The US hotel sector enjoyed a record-breaking year in 2017 for average daily rates (ADR) and occupancy levels, according to the latest industry figures.
Hotel data analyst STR said that overall occupancy across the US reached 65.9 per cent – up by 0.9 percentage points on 2016, while ADR jumped by 2.1 per cent to $126.72. The figures were boosted by the impact of a series of hurricanes in Texas and Florida during the second half of the year.
The US industry also set a record for the number of total available room nights across the year at 1.87 billion with 1.23 billion of these room nights being sold during 2017.
STR added that the increase in demand for hotel rooms in the US, which went up by 2.7 per cent year-on-year, outpaced the rise in supply of new rooms of 1.8 per cent last year.
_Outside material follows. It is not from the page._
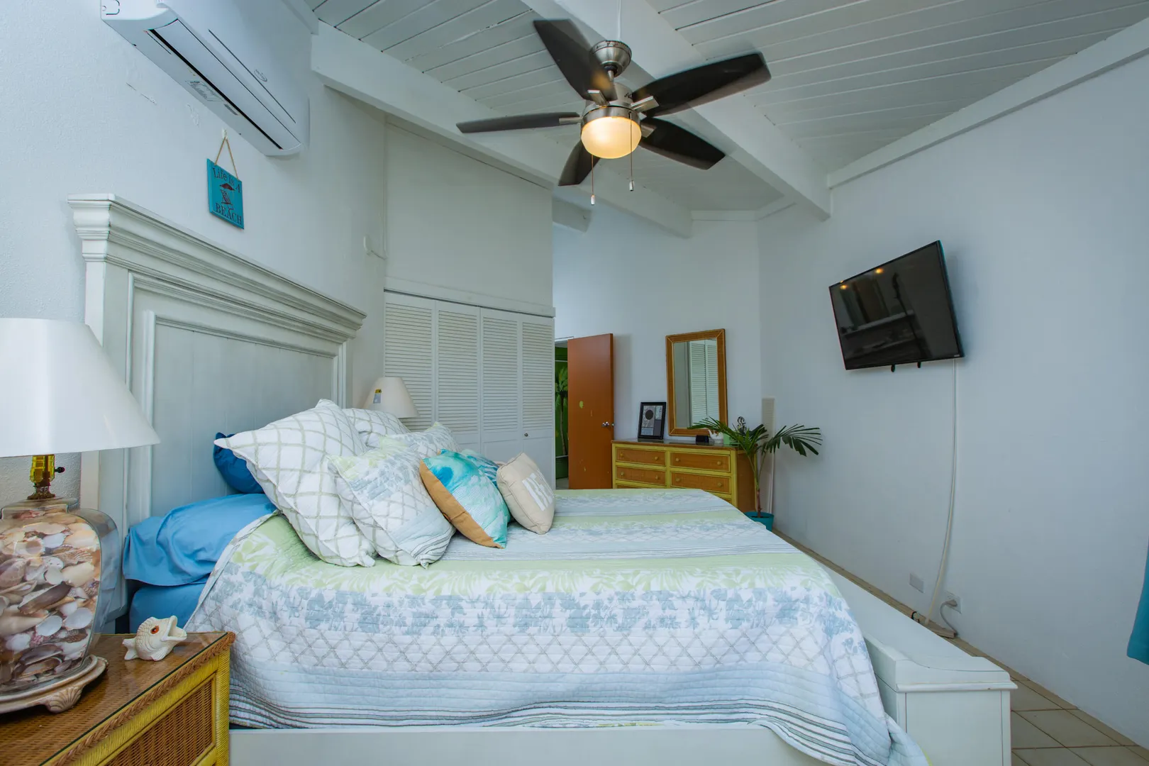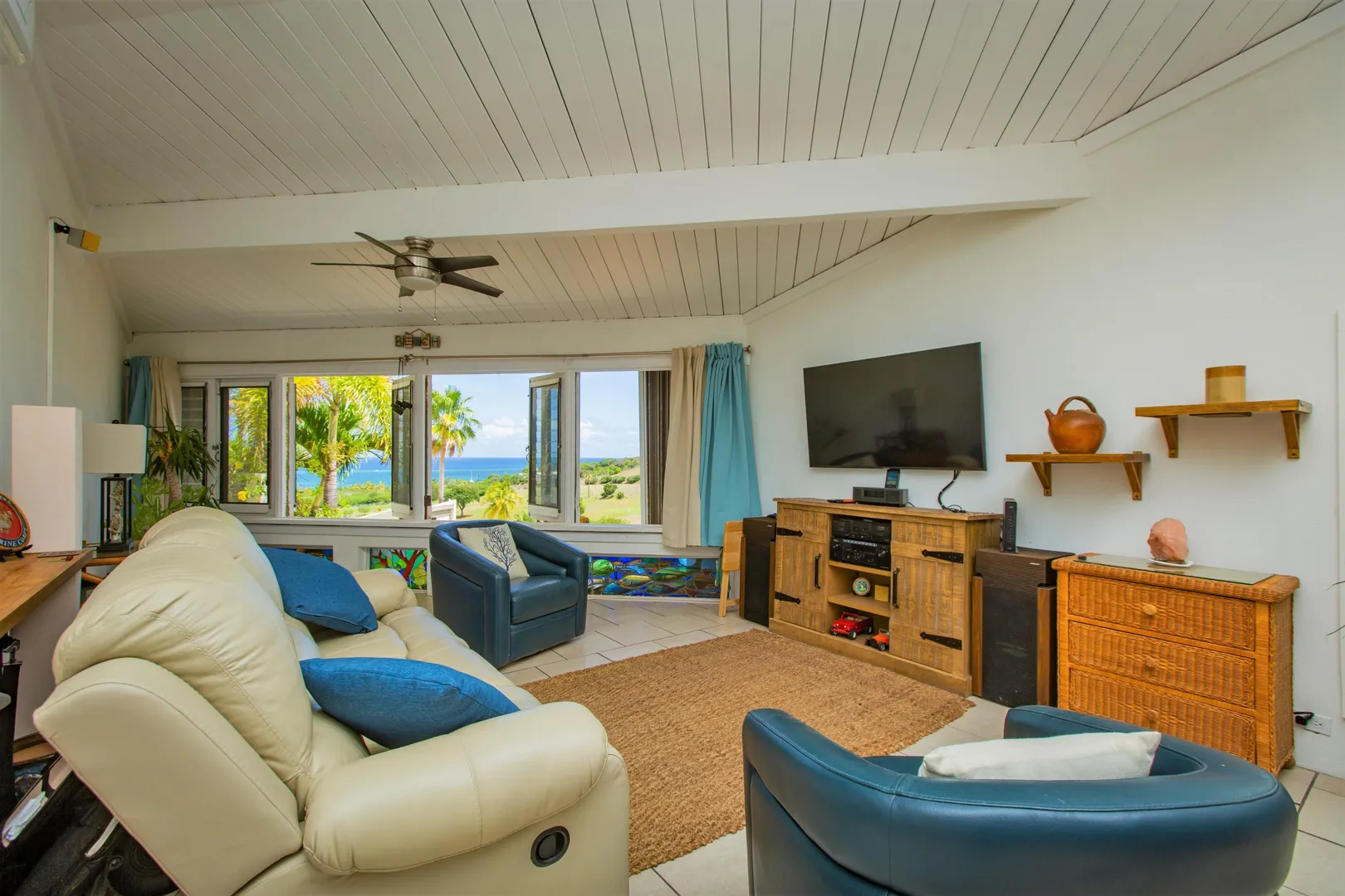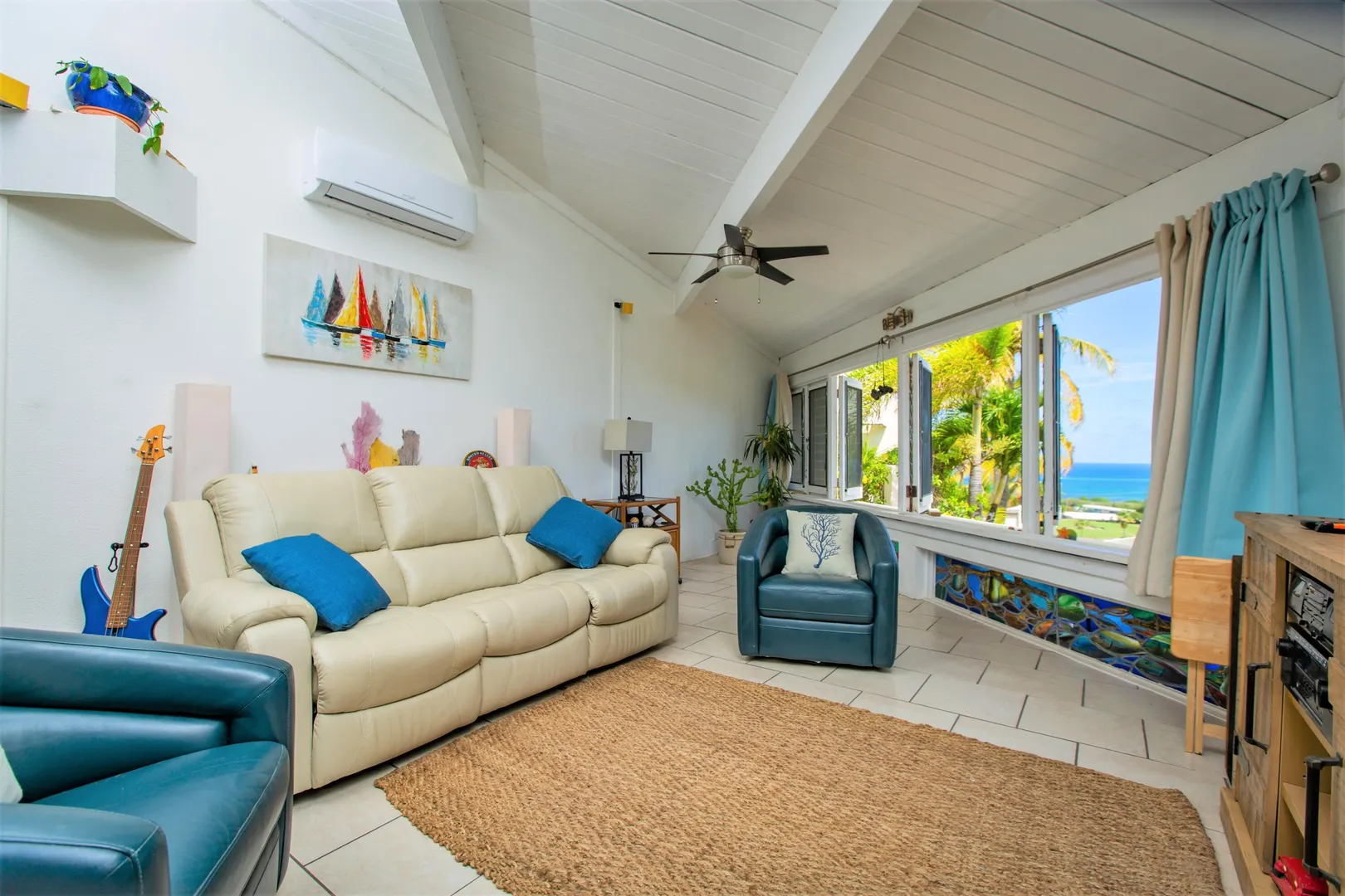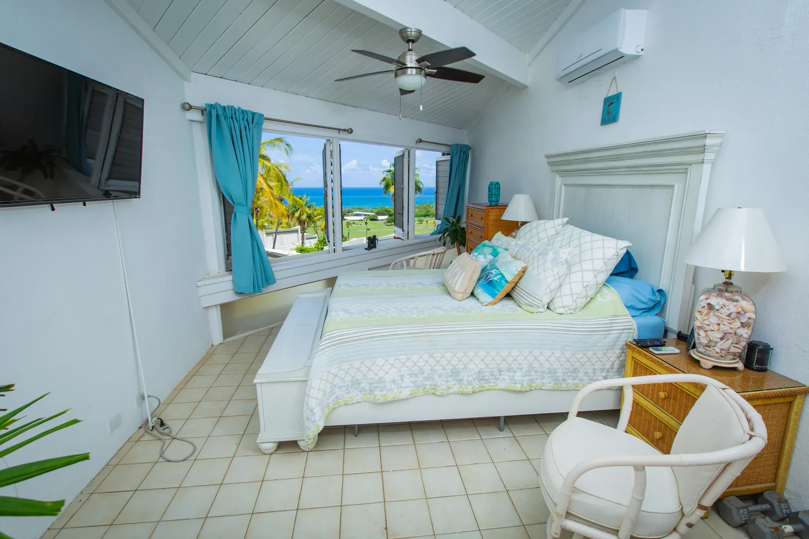 This Reef condo is not to be missed! Lovely 2 bedroom 2 bath with spectacular ocean views, refreshing trade winds, stunning upgrades throughout and plenty of patio space- located right on the golf course! Wonderful east end location close to several pristine beaches, the Yacht Club and dining at Duggan's Reef. The kitchen was beautifully remodeled with new cabinets, stunning quartz countertops, new appliances and updated electrical work. Enjoy the wonderful breezes or relax in the cool AC. 3 new split AC's installed. One can be found in each bedroom and living room. Both ensuite bathrooms also recently remodeled with lovely new vanities, tiles and fixtures. Condo comes turnkey, furnished with beautiful pieces throughout, including comfortable new memory foam mattresses.

This was despite 2017 seeing the highest growth in hotel rooms since 2009.
Amanda Hite, CEO of STR, said: “Late-year demand growth, which was no doubt boosted by post-hurricane business in Houston and several major Florida markets, pushed well past a healthy influx of new rooms entering the marketplace.
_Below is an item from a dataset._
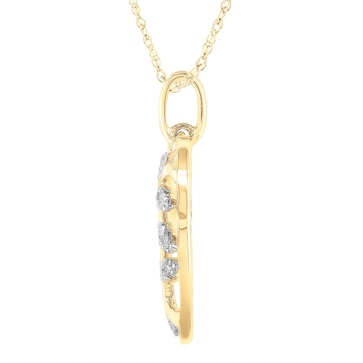 Made in 10K yellow gold with 19 round single cut diamonds totaling approximately 1/8 carat total weight. Pendant includes secure bail and polished finish.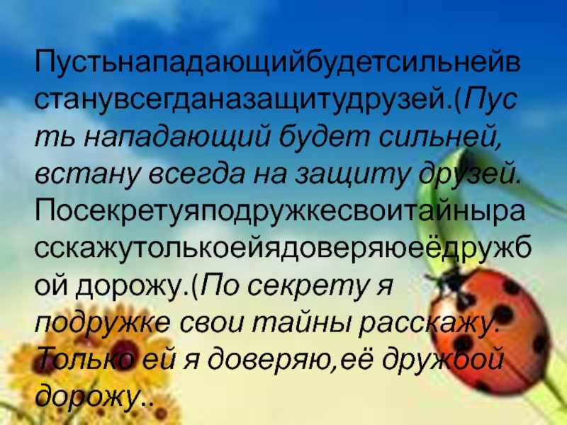 Пустьнападающийбудетсильнейвстанувсегданазащитудрузей.(Пусть нападающий будет сильней, встану всегда на защиту друзей. Посекретуяподружкесвоитайнырасскажутолькоейядоверяюеёдружбой дорожу.(По секрету я подружке свои

“That allowed the industry to end the year well above forecasted levels after seeing more modest rates of growth through the first half of 2017.
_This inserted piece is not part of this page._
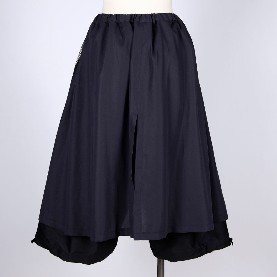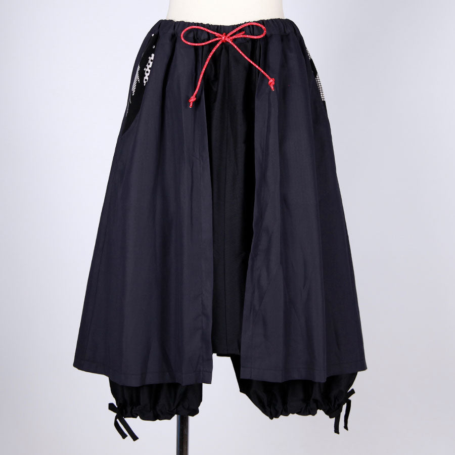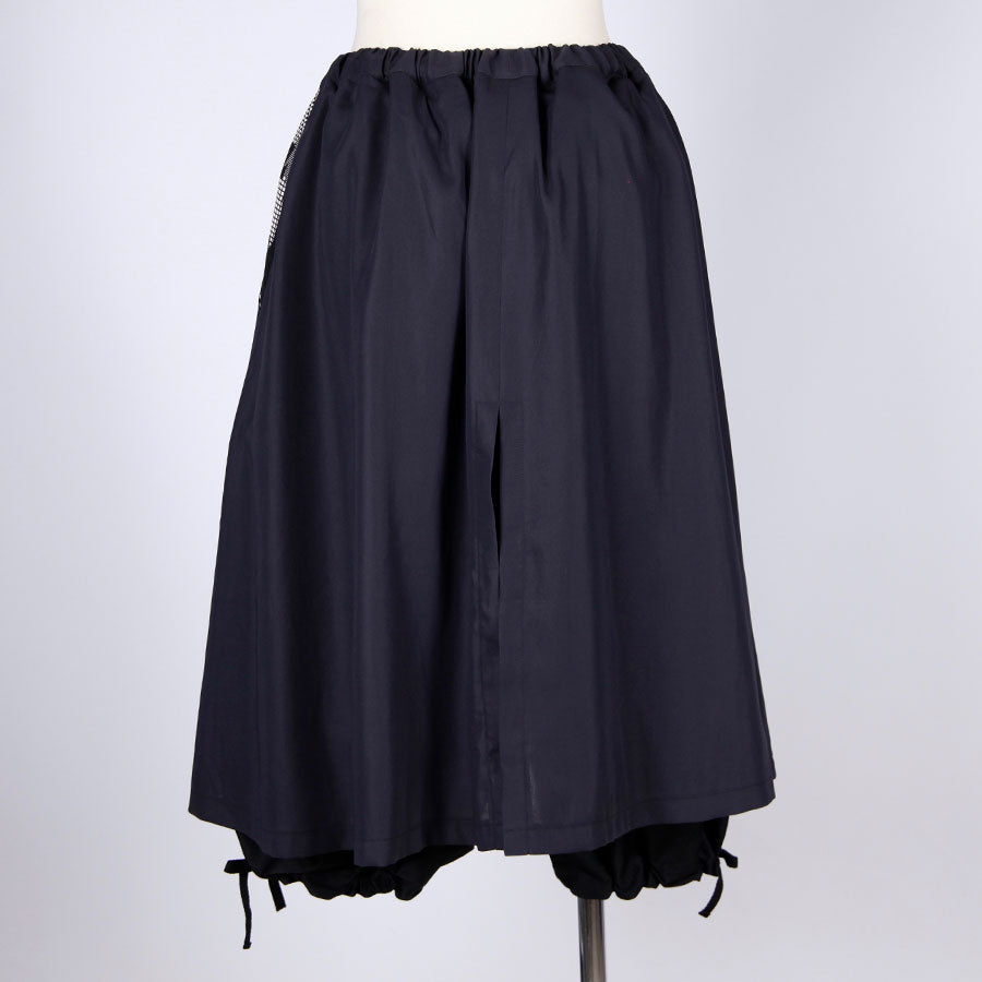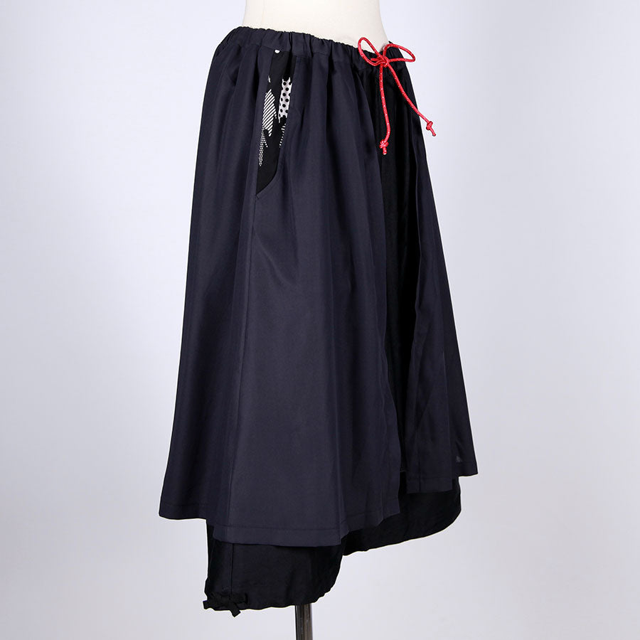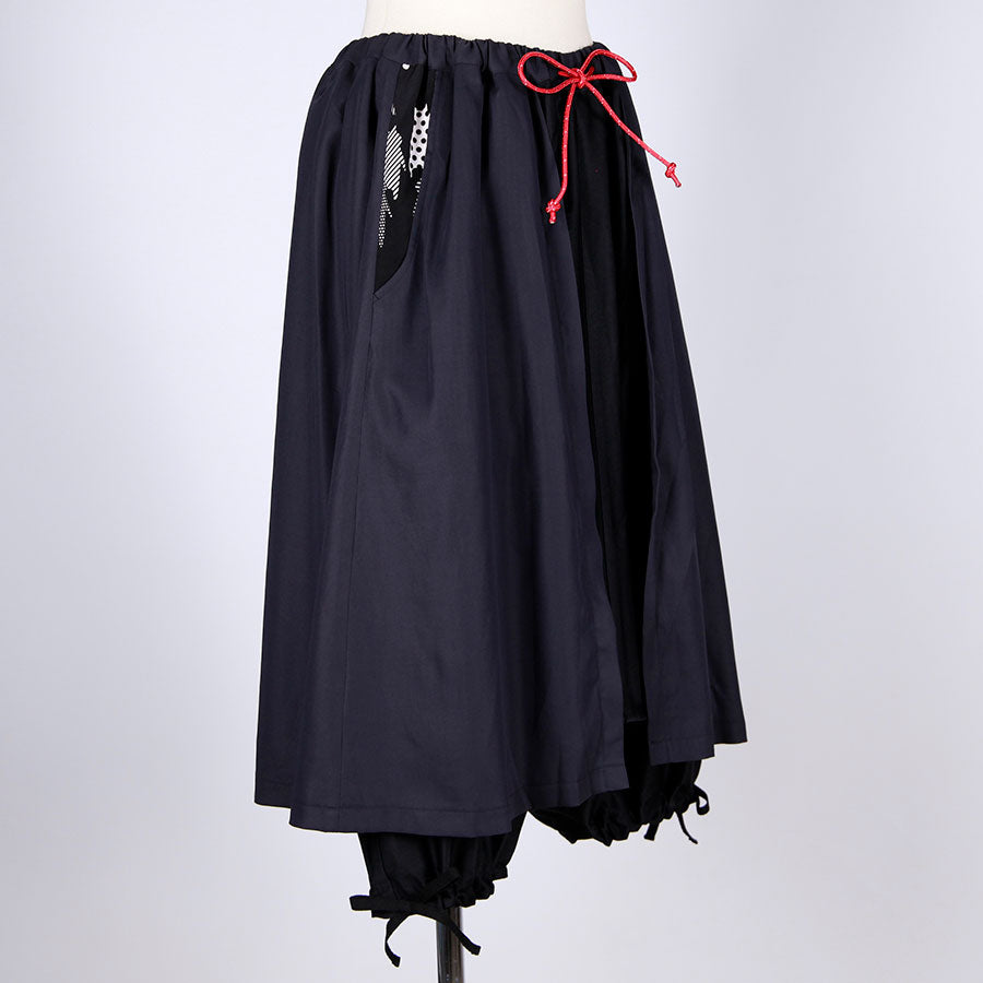 定番のバルーンワイドパンツをベースにオーバースカートをドッキングさせたインパクトのあるデザインのパンツ。

“Given the tax cut and the stronger GDP growth that is expected, US hotels are in solid position moving through the next year.”
Energy market hub Houston saw the highest year-on-year rise in occupancy (+7.1 per cent) – partly due to the impact of Hurricane Harvey when hotels benefited from more demand from displaced residents, relief workers and insurance adjustors following the storm.
Nashville had the largest increase in ADR in the US, up by 6.2 per cent, to $142.82 while New York City hotels had the highest occupancy (86.7 per cent) and average rate ($255.54).